Scientific classification
- Kingdom: Plantae
- Clade: Tracheophytes
- Clade: Angiosperms
- Clade: Eudicots
- Clade: Asterids
- Order: Ericales
- Family: Polemoniaceae
- Genus: Eriastrum
- Species: E. sapphirinum
- Binomial name: Eriastrum sapphirinum (Eastw.) H. Mason

= Eriastrum sapphirinum =

- Genus: Eriastrum
- Species: sapphirinum
- Authority: (Eastw.) H. Mason
- Conservation status: G3

Species of flowering plant

Eriastrum sapphirinum is a species of flowering plant in the phlox family known by the common name sapphire woollystar. This wildflower is endemic to California where it is found in many habitats throughout the state. It is an annual reaching anywhere from 5 to 40 centimeters in height, forming clumps or singular spindly stems. The stem is erect and may be reddish to green, and has the occasional threadlike leaf with a texture ranging from sparse hairs to a coat of dense wool.

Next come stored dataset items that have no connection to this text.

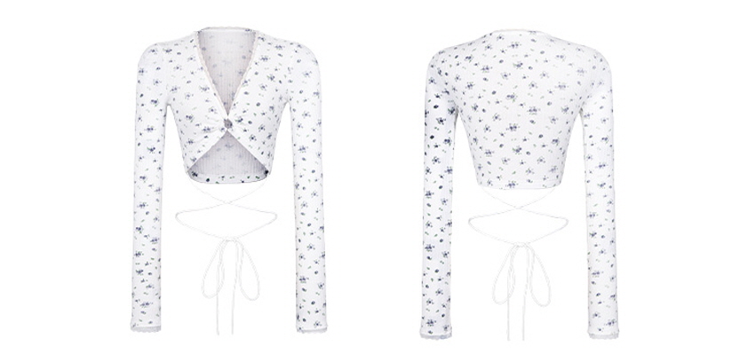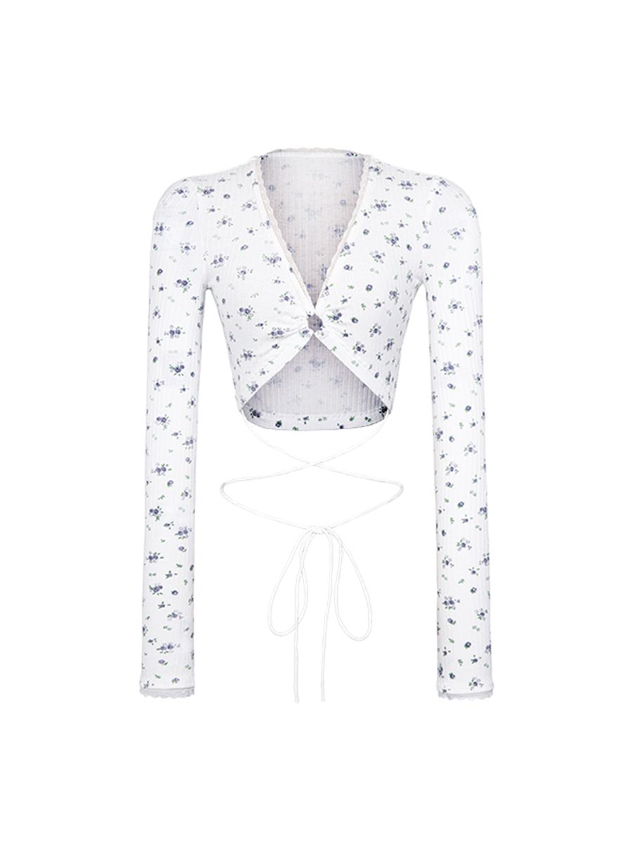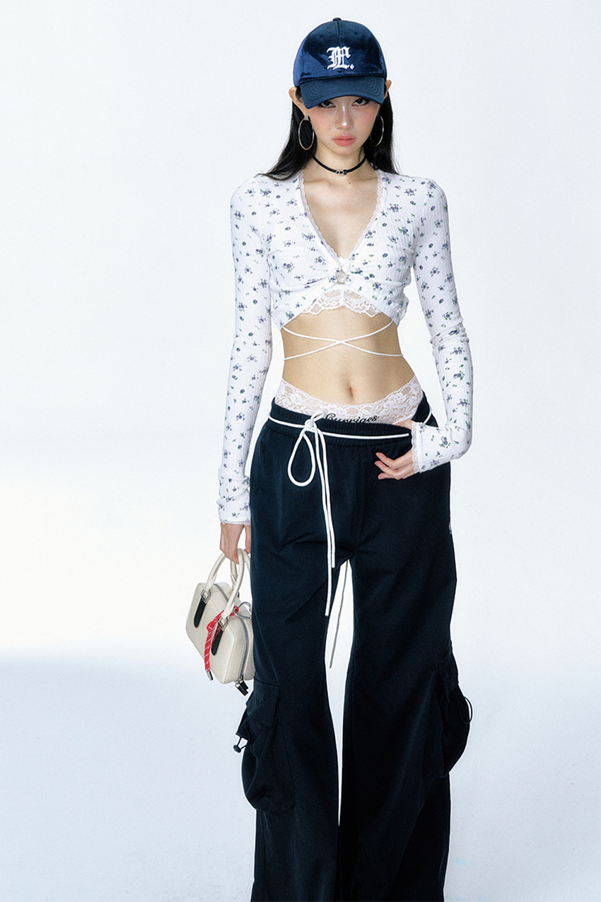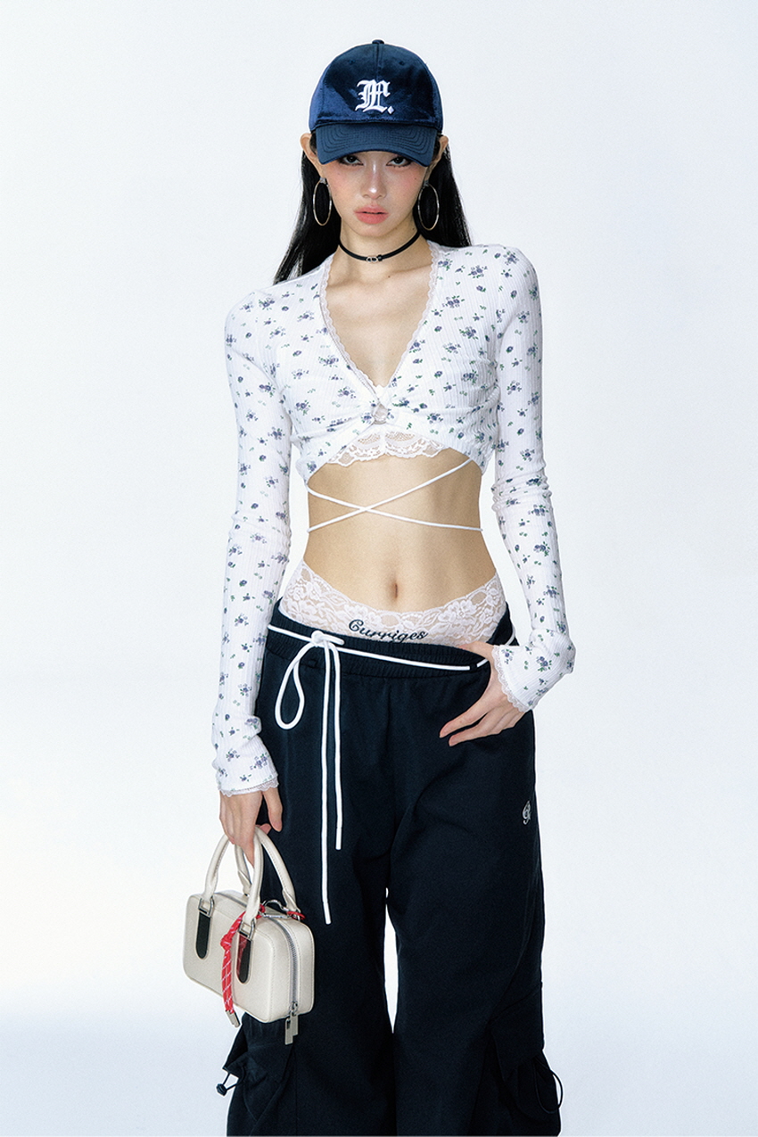 플라워 프린팅이 가미된 브이넥 레이스 크롭탑입니다.
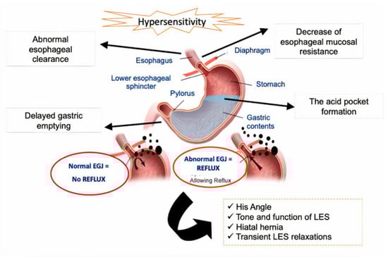 A hiatal hernia exacerbates gastroesophageal reflux by intensifying the contact between stomach acid and the esophagus. It disrupts the interaction between the lower esophageal sphincter (LES) and the crural diaphragm, essential components of the anti-reflux barrier. This impairment in the coupling between the LES and the crural diaphragm contributes to the reflux of stomach contents into the esophagus. Impaired esophageal clearance prolongs the contact between refluxate and the esophageal mucosa, leading to symptoms and potential damage [34,35]. Esophageal motility disorders, delayed gastric emptying, and reduced defensive properties of the esophageal mucosa also contribute to reflux [36,37].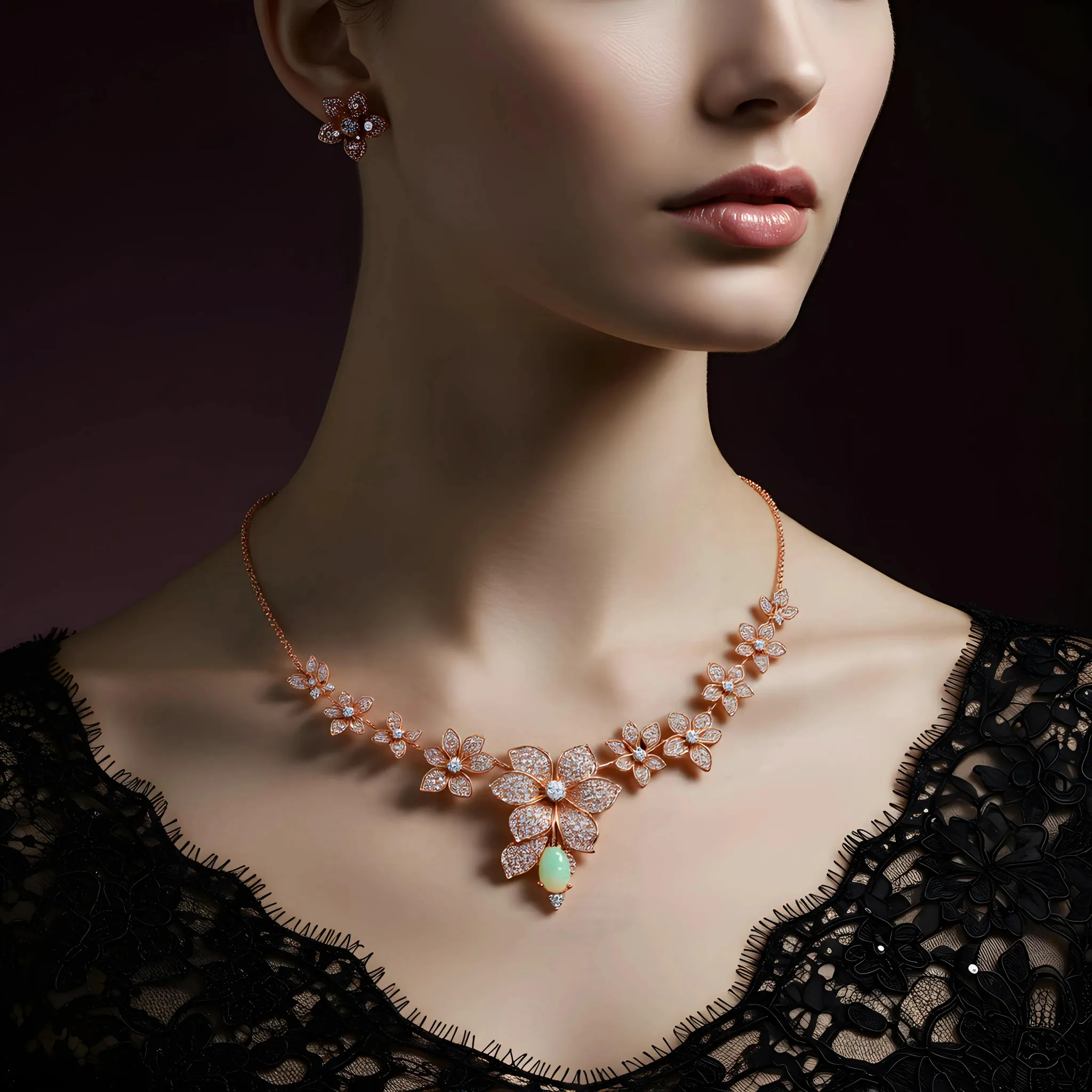The Enchanted Opal Bloom necklace is a sculptural interpretation of botanical fluidity. Crafted in 18k rose gold, the architecture centers an iridescent opal, framed by precision-set diamonds to capture the essence of a living flower. This piece functions as wearable art, balancing nature’s complexity with a refined, minimalist silhouette. It remains a one-of-a-kind acquisition for the collector who seeks rarity and structural elegance.
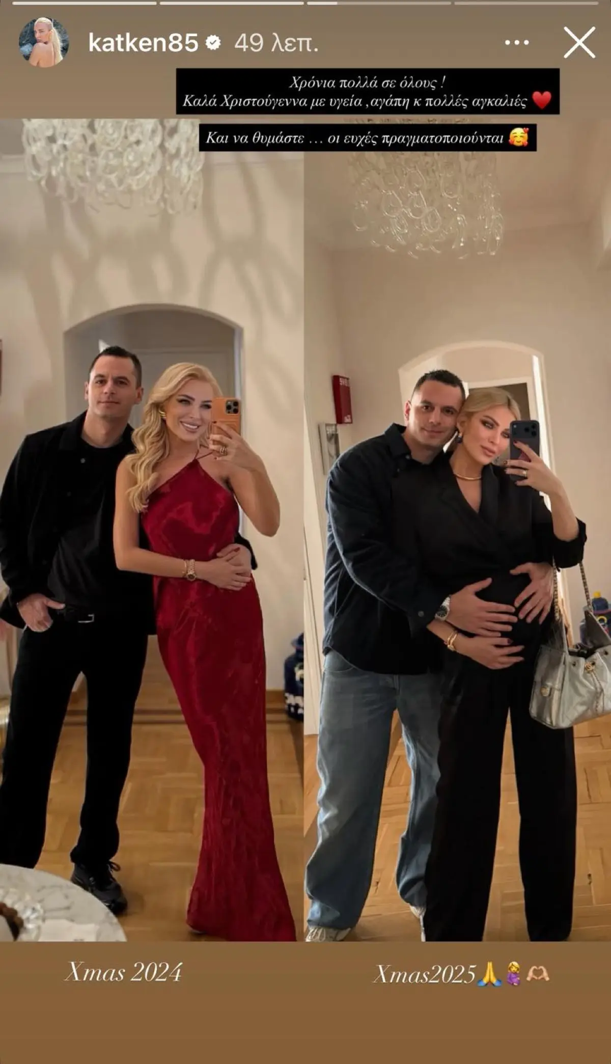 Η παρουσιάστρια στην ανάρτηση που έκανε μέσω story στον προσωπικό της λογαριασμό στο Instagram, έχει παραχωρήσει δύο φωτογραφίες, μια από τα περσινά Χριστούγεννα, και μια από τα φετινά, ενώ στη δεύτερη ο αγαπημένος της κρατά την φουσκωμένη της κοιλίτσα. «Χρόνια πολλά σε όλους! Καλά Χριστούγεννα με υγεία, αγάπη και πολλές αγκαλιές. Και να θυμάστε, οι ευχές πραγματοποιούνται» γράφει χαρακτηριστικά η παρουσιάστρια στην ανάρτησή της, στέλνοντας ένα πολύ ηχηρό μήνυμα.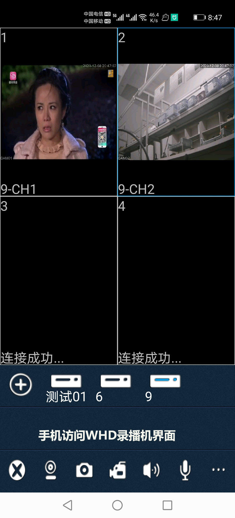 在手机上访问WHD录播机,安装客户端后用邮箱进行注册,输入账号、密码,输入录播机的ID号码,就可以登陆。登陆后就可以实现 直播、点播、语音对讲、截图、下载、点播等多种功能。

The inflorescences at the tips of the stems are packed with pointed, leaflike green to red bracts and funnel-shaped flowers. The corolla of the flower has five lobes each one half to one centimeter long and pale to bright blue. The throat of the flower is the same color or yellowish to white. At the mouth of the tube there may be dots of yellow and white. The light colored stamens protrude.